The appearance of the caravan was most impressive; their black horses, their martial air, and that squadron training which makes a musketeer’s mount keep in perfect step with his fellows would have betrayed the strictest incognito. The lackeys followed, armed to the teeth.

All went well as far as Chantilly which they reached at eight in the morning. Eager for breakfast, they alighted at an inn under a sign displaying Saint Martin giving half his cloak to a beggar. The lackeys were told to keep the horses saddled and to be ready to set off again immediately.

Our friends entered the common room and sat down.
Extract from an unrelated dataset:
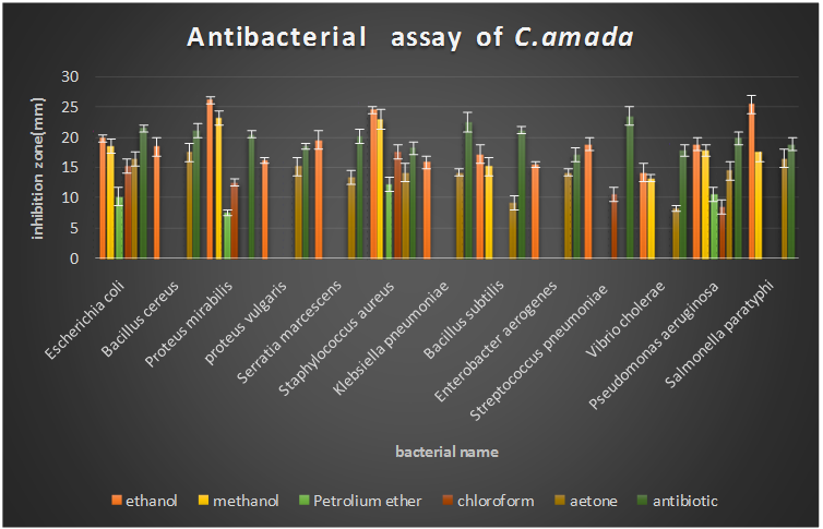 Table 2: Antibacterial activity (inhibition zone) of the leaf extracts of C. amada
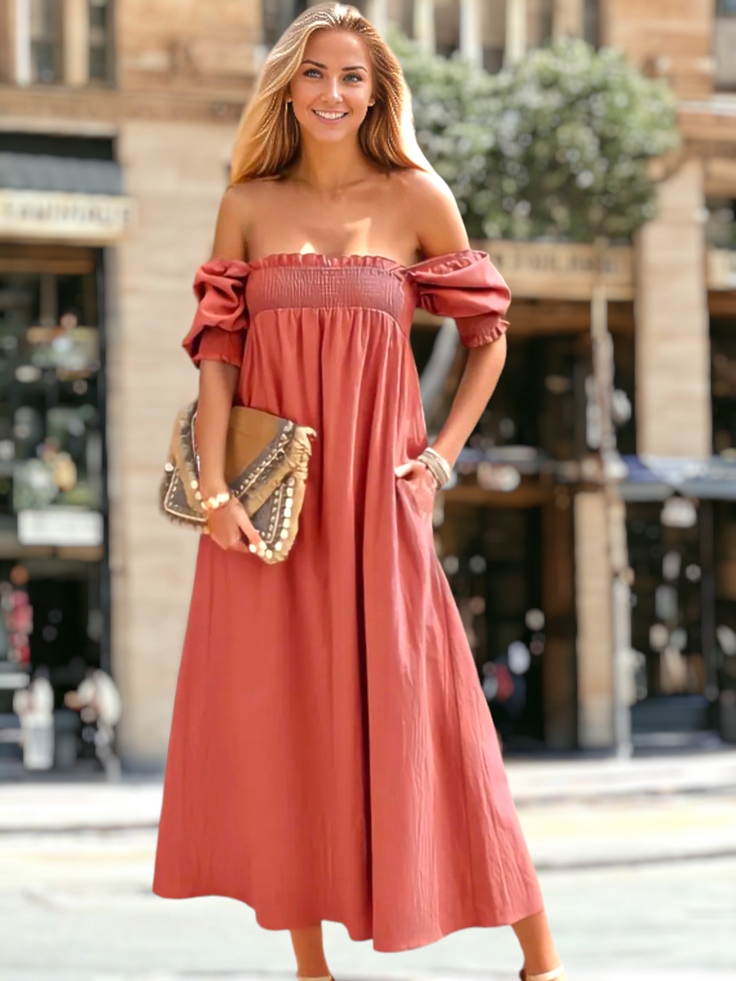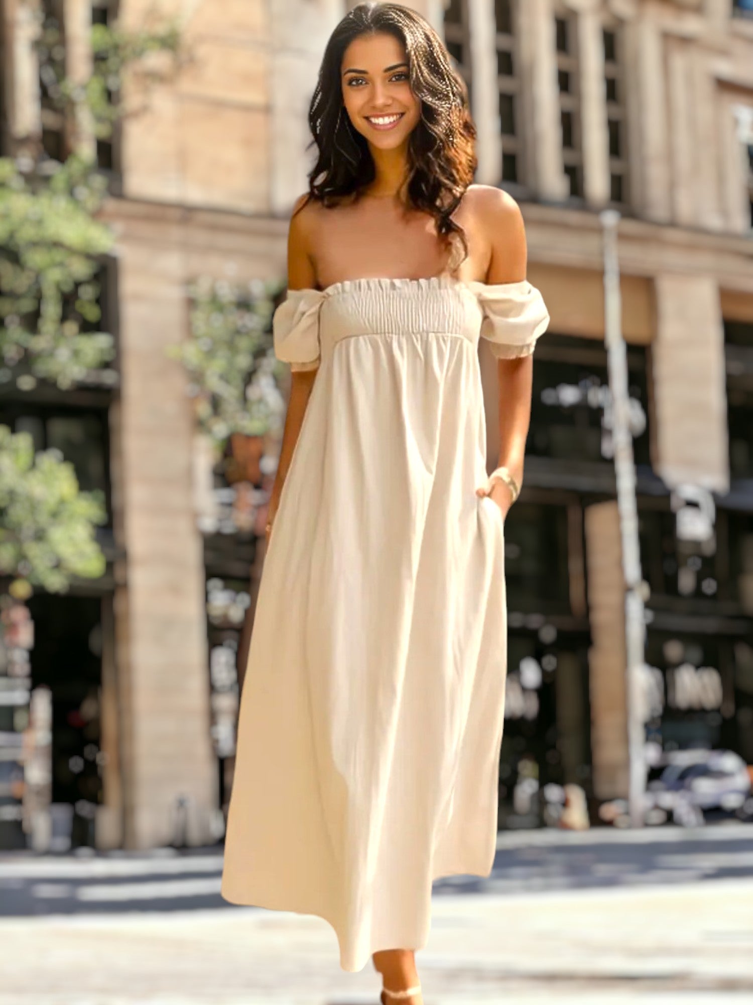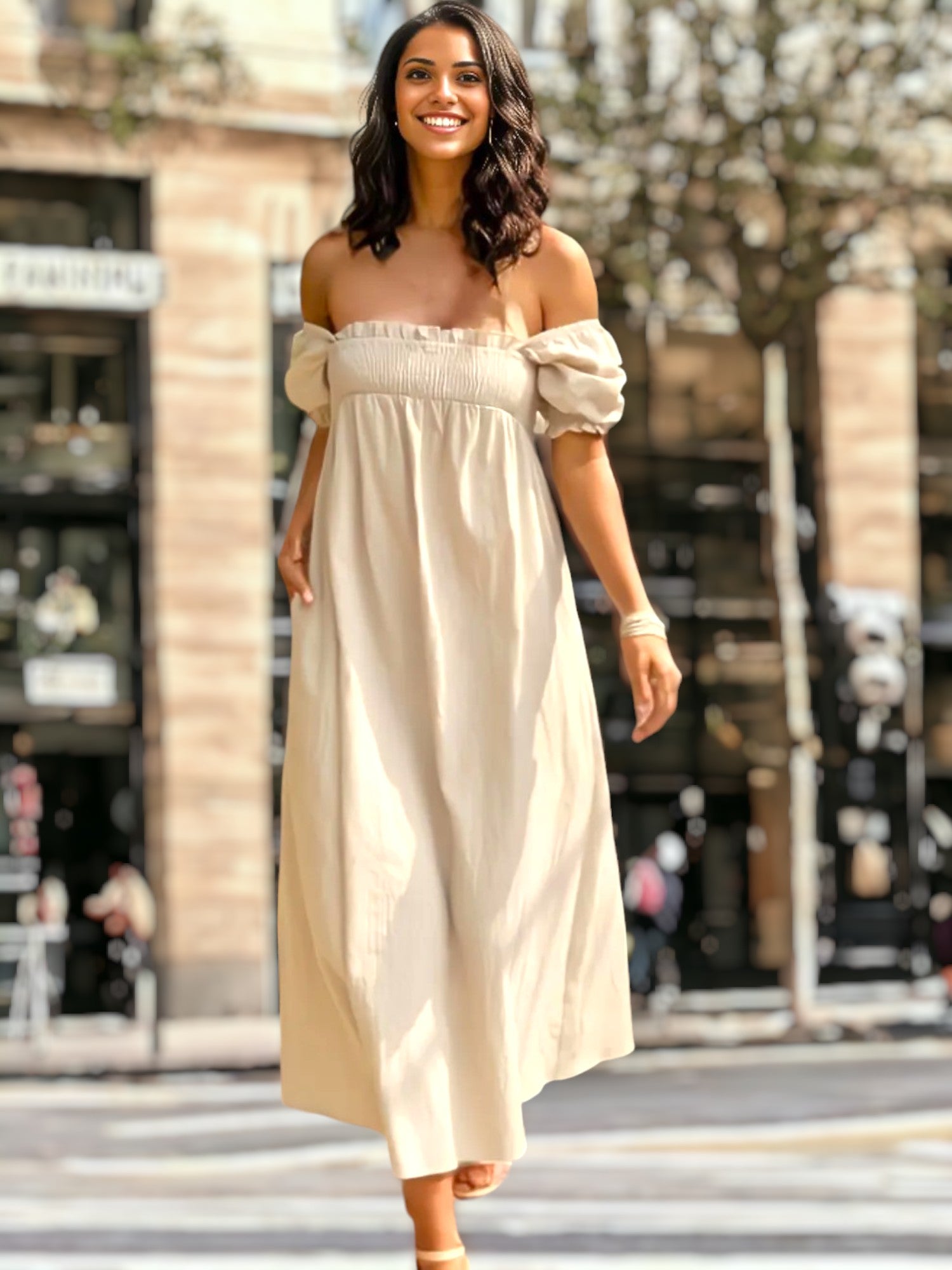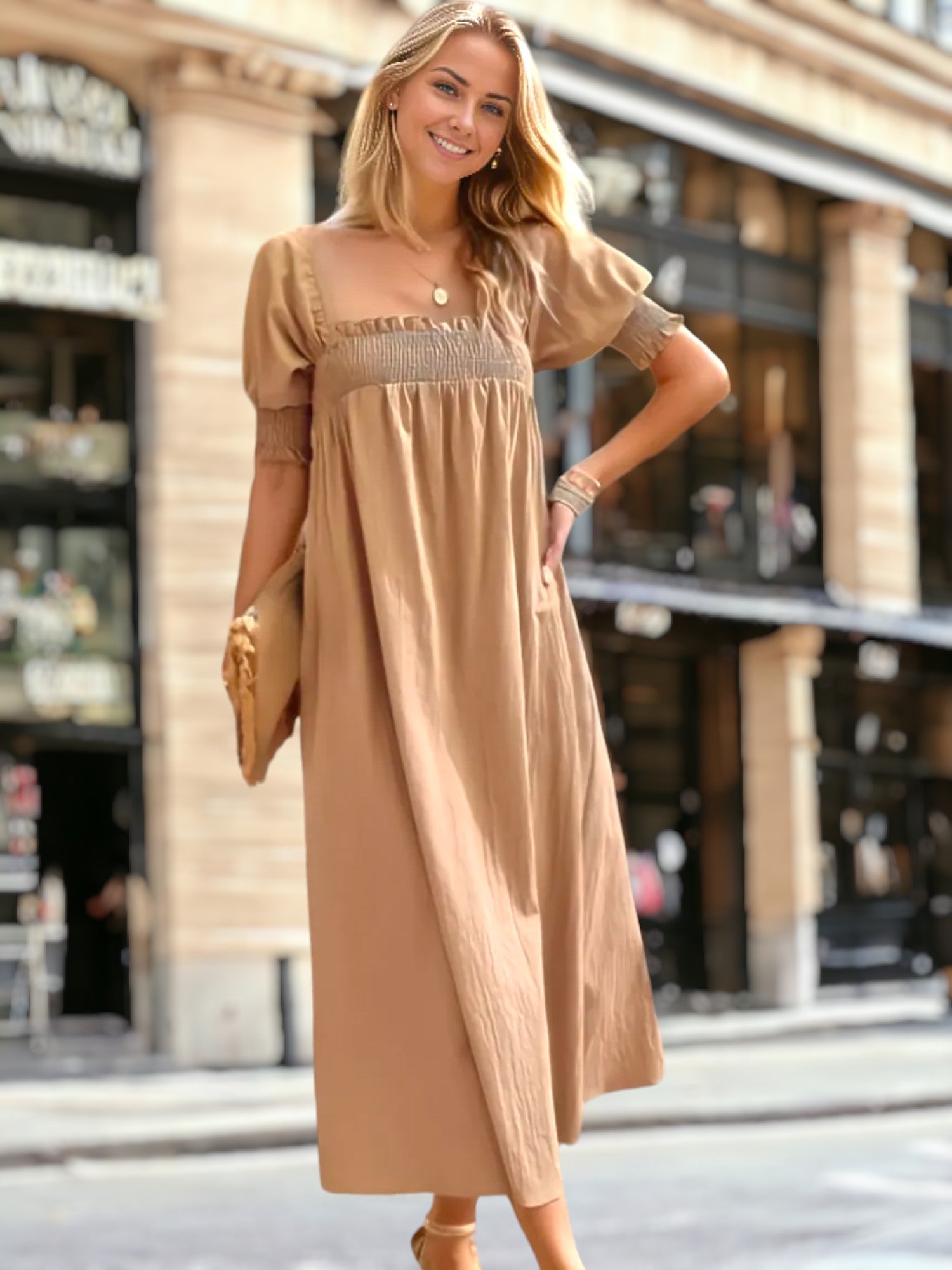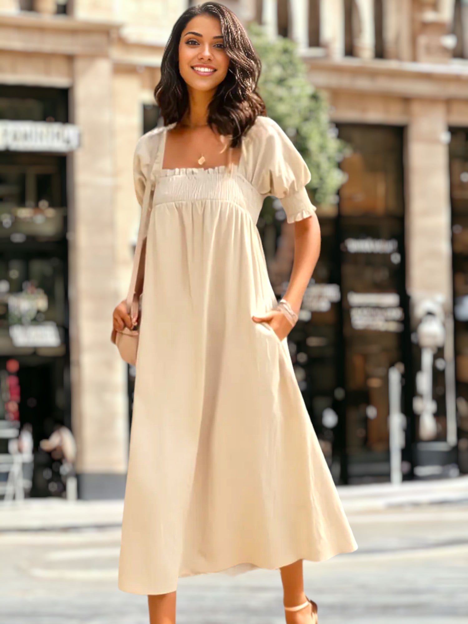 The Anna-Kaci dress is detailed with a classic empire cut. Features a square neck line, puff sleeves, flowy silhouette, and mid-calf length. Pair it with loafers and a purse for a gorgeous look.

A gentleman who had just arrived by the Dammartin road was breakfasting at the same table. He started talking about the weather, the travelers answered, he drank their healths, and they returned the politeness.

But just as Mousqueton came to announce that their horses were ready and our friends rose, the stranger proposed to Porthos that they drink to the Cardinal. Porthos replied that he would like nothing better if the stranger would, in turn, drink to the King. The stranger countered that he recognized no other King but His Eminence. Porthos called him a drunkard; the stranger drew his sword.

“You were foolish,” said Athos, “but, never mind, you can’t draw back now. Kill the man and join us as soon as you can.”

All three remounted their horses and left at a gallop while Porthos was promising his opponent to puncture him with every thrust known to fencing.

“There goes victim Number One,” said Athos after they had advanced some five hundred paces.

“But why did the fellow choose Porthos?” Aramis asked.

“Porthos spoke louder than the rest of us,” D’Artagnan explained. “The fellow took him for our leader.”

“Ah, this lad from Gascony is a well of wisdom,” Athos murmured.

And the travelers continued on their way.

At Beauvais they stopped to give their horses a breathing spell and to wait for Porthos. After two hours, Porthos having failed to arrive or to forward news, they resumed their journey.

A league from Beauvais, at a place where the road narrowed between two high banks, they came upon a dozen men who, taking advantage of the fact that the road was unpaved at that spot, seemed to be busy digging holes to deepen the muddy ruts.

Aramis, fearing to soil his boots in this artificial trench, cursed them roundly. Athos sought to restrain him but it was too late. The workmen started to jeer at the travelers; at their insolence even the phlegmatic Athos lost his head and urged his horse against one of them.

At this the workmen retreated as far as the ditch from which each produced a hidden musket. The result was that our seven travelers were literally riddled with bullets. Aramis received one which pierced his shoulder; Mousqueton another which embedded itself in the fleshy parts which prolong the small of the back. Only Mousqueton fell from his horse—not that he was badly hurt, but as he could not see his wound he fancied himself more seriously hurt than he was.

“This is an ambush,” said D’Artagnan. “Don’t waste a shot! Let us be off!”

Aramis, wounded though he was, seized his horse’s mane and was borne off headlong with the rest. Mousqueton’s horse, rejoining the group, galloped on in formation, riderless.

“That will give us a remount,” said Athos.

“I would prefer a hat,” D’Artagnan remarked. “Mine was carried away by a bullet. How very fortunate that I did not carry my letter in it.”

“Look here,” Aramis said anxiously, “do you realize they’ll kill poor Porthos when he comes up?”

“If Porthos were on his legs he would have joined us long ago. I fancy that on the dueling ground that so-called drunkard sobered up miraculously!”

They galloped on for another two hours at top speed though their horses began to give signs of failing.